- _PROBLEM TO SOLVE_: Filter the listing below, keeping every line that holds "method".

- _RECORD EXTRACTS_:

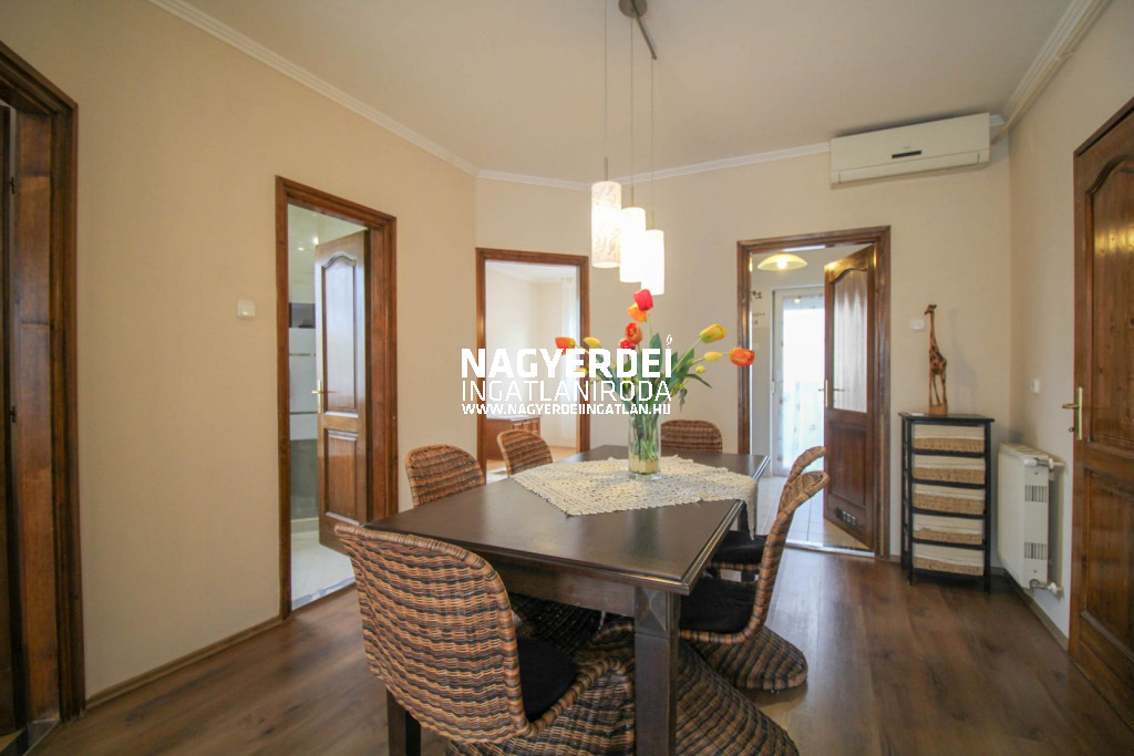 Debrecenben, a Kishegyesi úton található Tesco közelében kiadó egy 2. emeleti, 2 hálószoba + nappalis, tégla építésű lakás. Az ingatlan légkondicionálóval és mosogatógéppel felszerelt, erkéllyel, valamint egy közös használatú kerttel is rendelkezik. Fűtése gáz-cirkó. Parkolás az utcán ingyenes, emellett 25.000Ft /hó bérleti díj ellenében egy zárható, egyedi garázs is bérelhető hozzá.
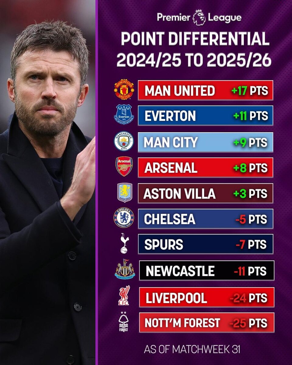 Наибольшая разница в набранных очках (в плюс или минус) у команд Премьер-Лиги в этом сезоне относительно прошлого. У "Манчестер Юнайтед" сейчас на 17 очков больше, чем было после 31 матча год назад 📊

...

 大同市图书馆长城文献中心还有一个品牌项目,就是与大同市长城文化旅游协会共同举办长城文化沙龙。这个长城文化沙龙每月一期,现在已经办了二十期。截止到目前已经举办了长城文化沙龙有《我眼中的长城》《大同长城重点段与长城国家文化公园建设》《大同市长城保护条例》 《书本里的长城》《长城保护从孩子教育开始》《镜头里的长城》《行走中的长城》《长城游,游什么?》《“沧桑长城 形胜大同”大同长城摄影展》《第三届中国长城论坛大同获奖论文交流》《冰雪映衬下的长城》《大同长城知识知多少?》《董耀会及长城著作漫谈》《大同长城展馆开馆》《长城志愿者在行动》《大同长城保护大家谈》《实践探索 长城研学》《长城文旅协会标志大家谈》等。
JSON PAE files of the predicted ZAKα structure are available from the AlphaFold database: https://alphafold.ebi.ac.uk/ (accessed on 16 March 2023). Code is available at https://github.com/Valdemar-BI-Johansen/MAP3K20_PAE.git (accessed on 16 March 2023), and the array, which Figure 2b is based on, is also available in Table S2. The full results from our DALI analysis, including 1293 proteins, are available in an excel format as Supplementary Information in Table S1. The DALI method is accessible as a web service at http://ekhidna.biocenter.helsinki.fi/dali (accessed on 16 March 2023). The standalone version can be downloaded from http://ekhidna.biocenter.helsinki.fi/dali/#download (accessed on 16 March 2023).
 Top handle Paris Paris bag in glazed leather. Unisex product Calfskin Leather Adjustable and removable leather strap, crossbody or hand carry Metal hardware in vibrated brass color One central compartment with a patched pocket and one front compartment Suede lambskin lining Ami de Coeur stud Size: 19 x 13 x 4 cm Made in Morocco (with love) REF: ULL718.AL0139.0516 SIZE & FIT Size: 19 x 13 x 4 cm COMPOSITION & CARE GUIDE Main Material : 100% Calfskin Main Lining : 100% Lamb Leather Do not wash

* * *

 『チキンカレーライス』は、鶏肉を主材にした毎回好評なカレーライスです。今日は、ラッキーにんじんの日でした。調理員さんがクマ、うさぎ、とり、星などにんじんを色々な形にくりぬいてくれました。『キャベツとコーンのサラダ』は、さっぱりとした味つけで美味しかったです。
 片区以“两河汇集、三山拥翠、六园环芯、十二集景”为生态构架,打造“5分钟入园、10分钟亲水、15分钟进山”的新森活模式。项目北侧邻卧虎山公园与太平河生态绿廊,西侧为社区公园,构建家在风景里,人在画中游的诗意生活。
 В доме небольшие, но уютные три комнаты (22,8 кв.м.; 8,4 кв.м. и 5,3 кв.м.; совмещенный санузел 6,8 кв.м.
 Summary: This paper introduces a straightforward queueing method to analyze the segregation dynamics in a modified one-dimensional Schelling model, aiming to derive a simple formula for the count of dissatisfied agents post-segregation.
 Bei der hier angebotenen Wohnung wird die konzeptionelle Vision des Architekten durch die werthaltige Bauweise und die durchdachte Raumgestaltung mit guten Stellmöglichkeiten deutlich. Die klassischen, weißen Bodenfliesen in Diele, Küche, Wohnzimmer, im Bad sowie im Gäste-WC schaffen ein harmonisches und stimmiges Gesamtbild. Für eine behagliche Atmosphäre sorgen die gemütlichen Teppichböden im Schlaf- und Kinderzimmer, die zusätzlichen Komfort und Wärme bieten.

- _RESULT FOR THIS EXERCISE_:
JSON PAE files of the predicted ZAKα structure are available from the AlphaFold database: https://alphafold.ebi.ac.uk/ (accessed on 16 March 2023). Code is available at https://github.com/Valdemar-BI-Johansen/MAP3K20_PAE.git (accessed on 16 March 2023), and the array, which Figure 2b is based on, is also available in Table S2. The full results from our DALI analysis, including 1293 proteins, are available in an excel format as Supplementary Information in Table S1. The DALI method is accessible as a web service at http://ekhidna.biocenter.helsinki.fi/dali (accessed on 16 March 2023). The standalone version can be downloaded from http://ekhidna.biocenter.helsinki.fi/dali/#download (accessed on 16 March 2023).
 Summary: This paper introduces a straightforward queueing method to analyze the segregation dynamics in a modified one-dimensional Schelling model, aiming to derive a simple formula for the count of dissatisfied agents post-segregation.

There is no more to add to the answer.